START Entries supplied

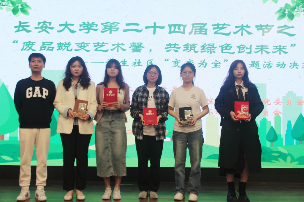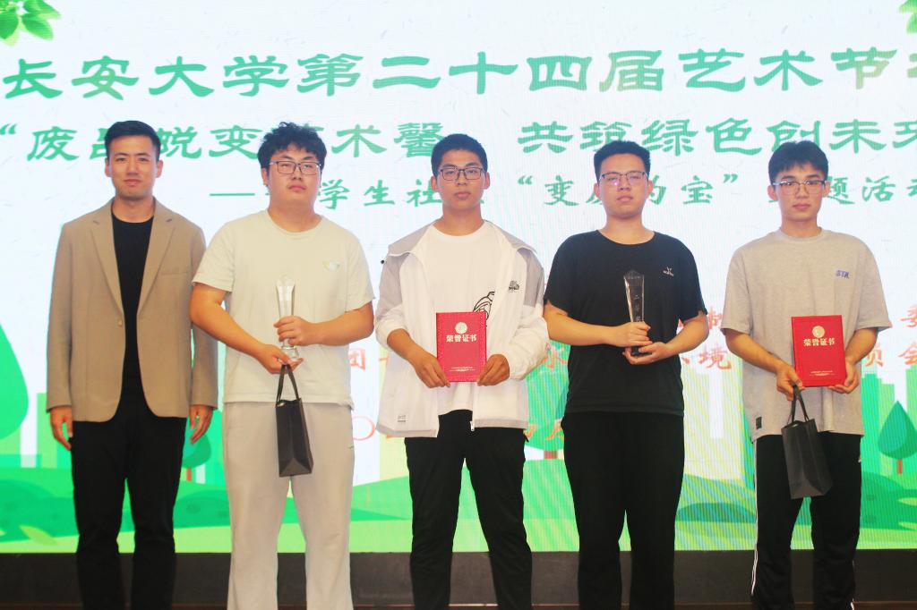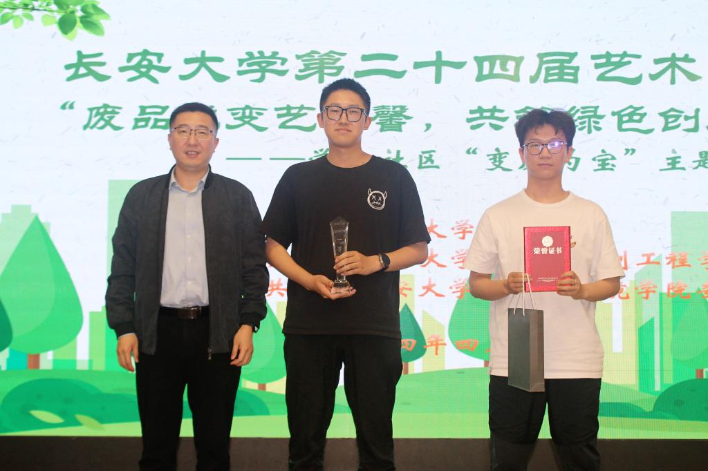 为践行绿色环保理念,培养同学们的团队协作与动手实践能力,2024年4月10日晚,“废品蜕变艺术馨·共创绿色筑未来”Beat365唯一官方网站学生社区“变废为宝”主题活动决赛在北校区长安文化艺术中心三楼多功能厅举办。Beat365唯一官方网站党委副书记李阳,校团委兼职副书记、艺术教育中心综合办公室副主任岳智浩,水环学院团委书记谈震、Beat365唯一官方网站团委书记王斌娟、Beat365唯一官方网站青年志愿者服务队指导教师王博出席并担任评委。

END Entries supplied
START Entries supplied

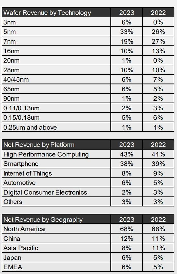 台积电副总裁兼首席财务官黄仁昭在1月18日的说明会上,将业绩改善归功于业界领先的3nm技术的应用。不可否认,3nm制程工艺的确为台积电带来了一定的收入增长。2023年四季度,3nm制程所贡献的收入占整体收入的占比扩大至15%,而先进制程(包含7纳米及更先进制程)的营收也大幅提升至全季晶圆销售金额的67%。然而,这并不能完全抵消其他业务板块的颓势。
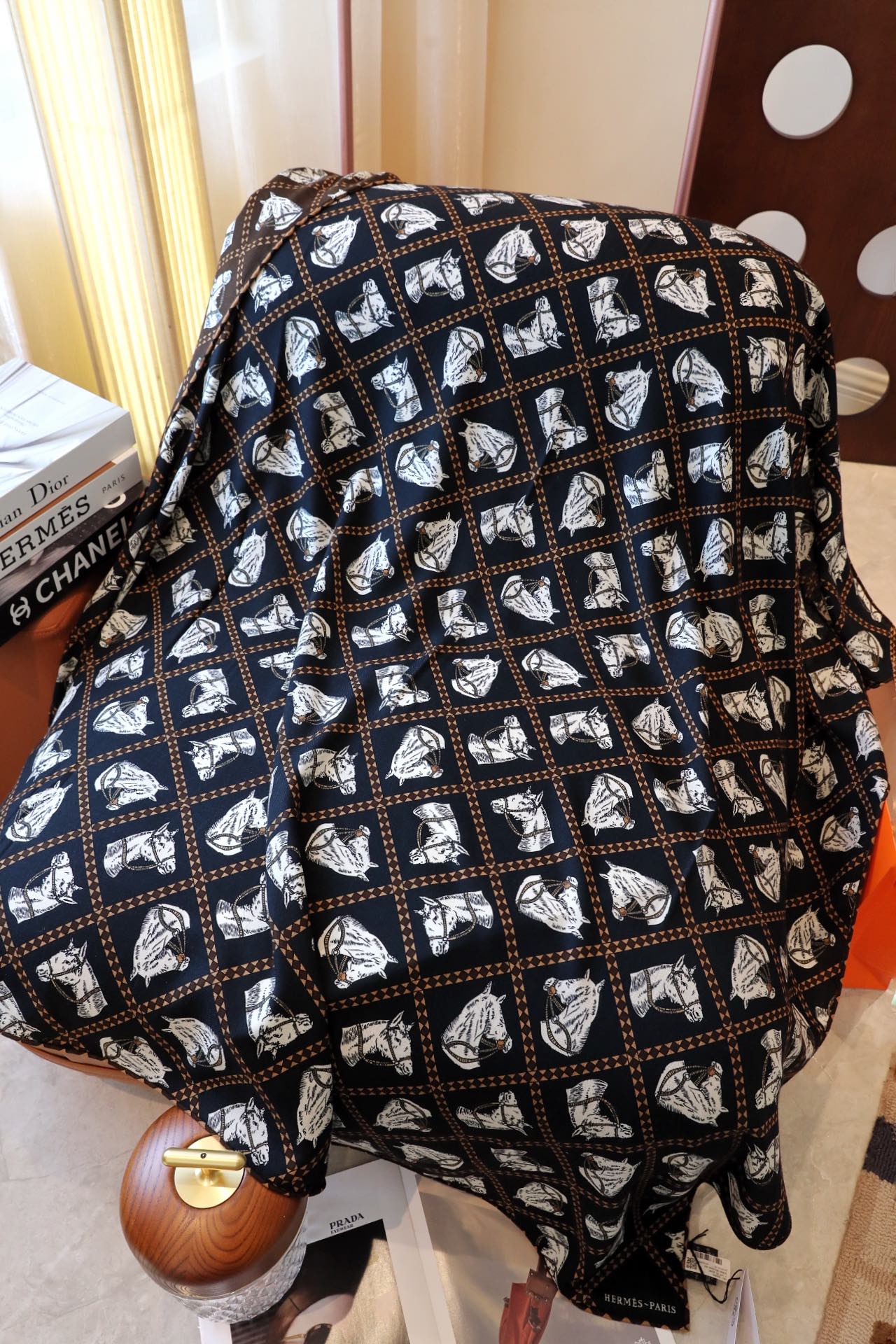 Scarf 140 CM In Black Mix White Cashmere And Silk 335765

END Entries supplied

• **What you should do**: Repeat exactly the lines above, beginning at the one containing "台积电副总裁兼首席财务官黄仁" and ending at the one containing "Scarf 140 CM". Do not carry over any pictures.

• **Finished exercise**:
 台积电副总裁兼首席财务官黄仁昭在1月18日的说明会上,将业绩改善归功于业界领先的3nm技术的应用。不可否认,3nm制程工艺的确为台积电带来了一定的收入增长。2023年四季度,3nm制程所贡献的收入占整体收入的占比扩大至15%,而先进制程(包含7纳米及更先进制程)的营收也大幅提升至全季晶圆销售金额的67%。然而,这并不能完全抵消其他业务板块的颓势。
 Scarf 140 CM In Black Mix White Cashmere And Silk 335765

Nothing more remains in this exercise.